City skylines need an upgrade in the face of climate stress

https://theconversation.com/city-skylines-need-an-upgrade-in-the-face-of-climate-stress-267763
3•gnabgib•36m ago•0 comments

1979: The Model World of Robert Symes [video]

https://www.youtube.com/watch?v=HmDxmxhrGDc
1•xqcgrek2•41m ago•0 comments

Satellites Have a Lot of Room

https://www.johndcook.com/blog/2026/02/02/satellites-have-a-lot-of-room/
2•y1n0•41m ago•0 comments

1980s Farm Crisis

https://en.wikipedia.org/wiki/1980s_farm_crisis
4•calebhwin•42m ago•1 comments

Show HN: FSID - Identifier for files and directories (like ISBN for Books)

https://github.com/skorotkiewicz/fsid
1•modinfo•47m ago•0 comments

Show HN: Holy Grail: Open-Source Autonomous Development Agent

https://github.com/dakotalock/holygrailopensource
1•Moriarty2026•54m ago•1 comments

Show HN: Minecraft Creeper meets 90s Tamagotchi

https://github.com/danielbrendel/krepagotchi-game
1•foxiel•1h ago•1 comments

Show HN: Termiteam – Control center for multiple AI agent terminals

https://github.com/NetanelBaruch/termiteam
1•Netanelbaruch•1h ago•0 comments

The only U.S. particle collider shuts down

https://www.sciencenews.org/article/particle-collider-shuts-down-brookhaven
2•rolph•1h ago•1 comments

Ask HN: Why do purchased B2B email lists still have such poor deliverability?

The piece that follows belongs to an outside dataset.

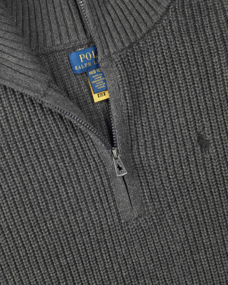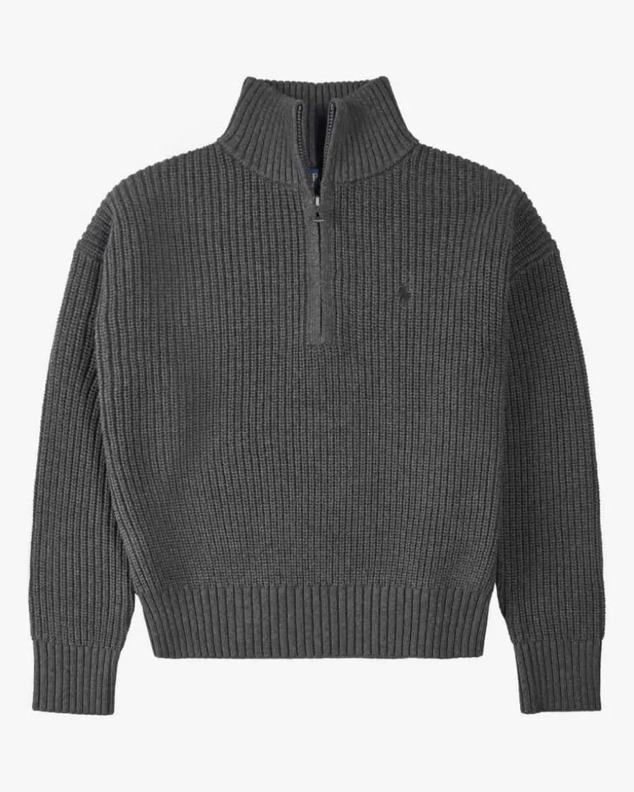 Pullover für Kinder von Polo Ralph Lauren in Dunkelgrau.Dank weiter Passformund tonaler Logo-Stickerei besticht das Modell in niedlicherAufmachung, währendder Baumwoll-Mix in Rippstrick-Qualität einen weichen Griffverspricht.

1•solarisos•1h ago•3 comments

Show HN: Remotion directory (videos and prompts)

https://www.remotion.directory/
1•rokbenko•1h ago•0 comments

Portable C Compiler

https://en.wikipedia.org/wiki/Portable_C_Compiler
2•guerrilla•1h ago•0 comments

Show HN: Kokki – A "Dual-Core" System Prompt to Reduce LLM Hallucinations

1•Ginsabo•1h ago•0 comments

Software Engineering Transformation 2026

https://mfranc.com/blog/ai-2026/
1•michal-franc•1h ago•0 comments

Microsoft purges Win11 printer drivers, devices on borrowed time

https://www.tomshardware.com/peripherals/printers/microsoft-stops-distrubitng-legacy-v3-and-v4-pr...
4•rolph•1h ago•1 comments
Open in hackernews

Show HN: Theory of Mind benchmark for 8 LLMs with reproducible markers

1•AlekseN•5mo ago
I built a formal protocol (FPC v2.1 + AE-1) to detect behavioral uncertainty in large language models. The goal is enabling safer AI deployment in critical domains medicine, autonomous vehicles, government where confident hallucinations can lead to high-stakes failures.

Current benchmarks focus on accuracy but miss reasoning coherence under stress. This protocol uses tri-state affective markers (Satisfied / Engaged / Distressed) to detect when models lose logical consistency, allowing abstention instead of confident hallucination.

We evaluated 8 models (Claude, GPT-4 families). Only Claude Opus reached full ToM-3+. GPT-4 family consistently failed third-order reasoning. Extended temperature tests (Claude 3.5 Haiku, GPT-4o) showed 180/180 stable AE-1 matches (p≈1e-54), independent of sampling temperature.

Dataset: https://huggingface.co/datasets/AIDoctrine/FPC-v2.1-AE1-ToM-...

A demo notebook exists for replication. Looking for feedback on methodology and possible applications in safety critical AI.

Comments

AlekseN•5mo ago
Extended results and safety relevance

Temperature stability tests Claude 3.5 Haiku: 180/180 AE-1 matches at T=0.0, 0.8, 1.3 GPT-4o: 180/180 matches under the same conditions Statistical significance: p ≈ 1×10⁻⁵⁴

Theory of Mind by tier Basic (ToM-1): All models except GPT-3.5 passed Advanced (ToM-2): Claude family + GPT-4o passed Extreme (ToM-3+): Only Claude Opus reached 100%

Key safety point AE-1 markers (Satisfied / Distressed) lined up perfectly with correct vs conflict cases. This means we can detect when a model is in an epistemically unsafe state, often a precursor to confident hallucinations.

In practice this could let systems in critical areas choose to abstain instead of giving a wrong but confident answer.

Protocol details, raw data, and replication code are in the dataset link above. A demo notebook also exists if anyone wants to reproduce directly.

Looking for feedback on: - Does this kind of marker make sense as a unit test for reliability? - How to extend beyond ToM into other reasoning domains? - How would formal verification folks see the proof obligations (consistency, conflict rejection, recovery, etc.)?